# Finding Longest Increasing SubSequence (LIS)

A subsequence is a sequence obtained from another by the exclusion of a number of elements. Also, the relative order of elements in a subsequence remains the same as that of the original sequence.

Example of an increasing subsequence in a given sequence
Sequence: [ 2, 6, 3, 9, 15, 32, 31 ]
Subsequence 1: [ 2, 9, 15 ]
Subsequence 2: [ 2, 6, 31 ]
Subsequence 3: [ 3, 15, 32, 31 ]

The idea is to find for each position the longest increasing subsequence ending with the element at that position.
It is evident that the LIS for the 0’th position is the first element.

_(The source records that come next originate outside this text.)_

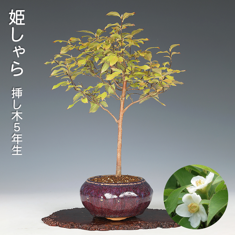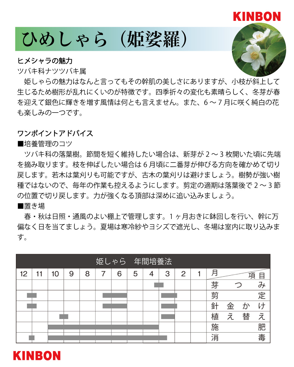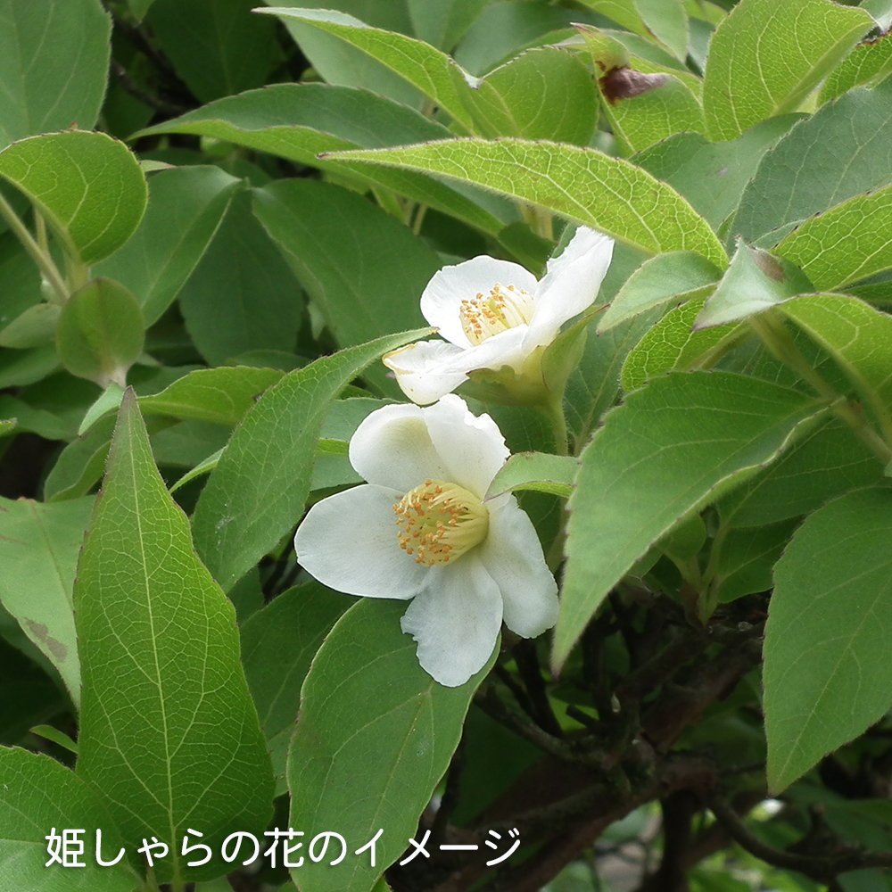 姫しゃらの魅力はなんと言ってもその幹肌の美しさにありますが、小枝が斜上して生じるため樹形が乱れにくいのが特徴です。四季折々の変化も素晴らしく、冬芽が春を迎えて銀色に輝きを増す風情は何とも言えません。また、6~7月に咲く純白の花も楽しみの一つです。
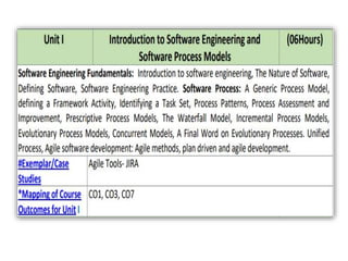This document provides an overview of software engineering concepts including:
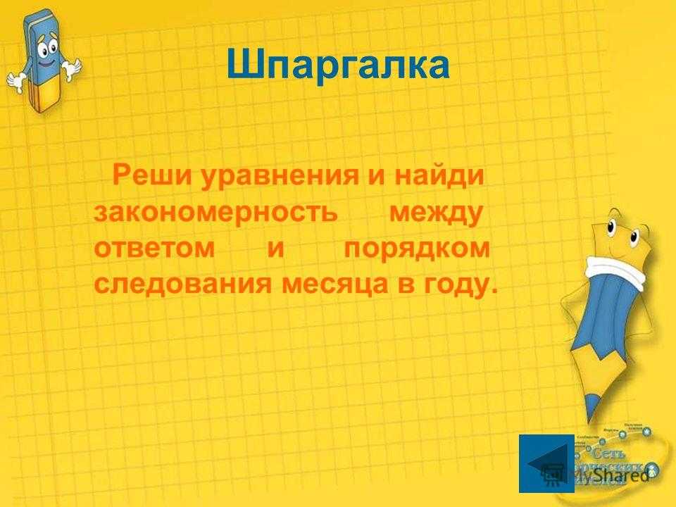 Шпаргалка Реши уравнения и найди закономерность между ответом и порядком следования месяца в году.

Algorithm : Longest increasing subsequence (LIS)

1. LIS at position 0 is the first element of the sequence.
2. For current position ‘b’ from 1 upto N
3.      For previous position ‘a’ from 0 upto b
4.          If the element at position ‘b’ > the element at positions ‘a’ and
size of LIS at positions ‘a’ is greater that LIS at position ‘b’
5.             LIS for position ‘b’ has been found
Copy longest subsequence at position ‘a’ into ‘b’.
6.      Append element at position ‘b’ to the LIS at position ‘b’ i.e (LIS at position ‘a’ + element at ‘b’)

Example
Consider the sequence [ 3, 2, 6 ]
The longest increasing subsequence in the above sequence is [ 3, 6 ]

Current
Position
Previous
Position
LIS at current position LIS at previous position Description
0 None [ 3 ] None It is obvious that the longest increasing subsequence at position 0 is [ 3 ].
1 0 None
Created sequence : [ 2 ]
[ 3 ] Element ‘2’ at the current position 1 is smaller than the element ‘3’ at the previous position 0. ‘2’ cannot be appended to the subsequence [ 3 ] at position 0.
Thus the LIS now created at the current position 1 is [ 2 ].
2 0 None
Created sequence : [ 2, 3 ]
[ 3 ] Element ‘6’ at the current position 2 is greater than the element ‘3’ at the previous position 0 and no subsequence has yet been found yet for position 2.
Thus the LIS now created at the current position 2 is [ subsequence at position 0 + element at position 2 ]. i.e [ 3 ] + ‘6’ i.e [ 3, 6 ].
2 1 [ 3, 6 ] [ 2 ] Element ‘6’ at position 2 is greater than element ‘2’ (at previous position 1) but a subsequence [ 3, 6 ] has already been found for position 2 of length 2 greater than the subsequence at position 1 i.e , thus longest increasing subsequence at position 2 remains the same as [ 3, 6 ].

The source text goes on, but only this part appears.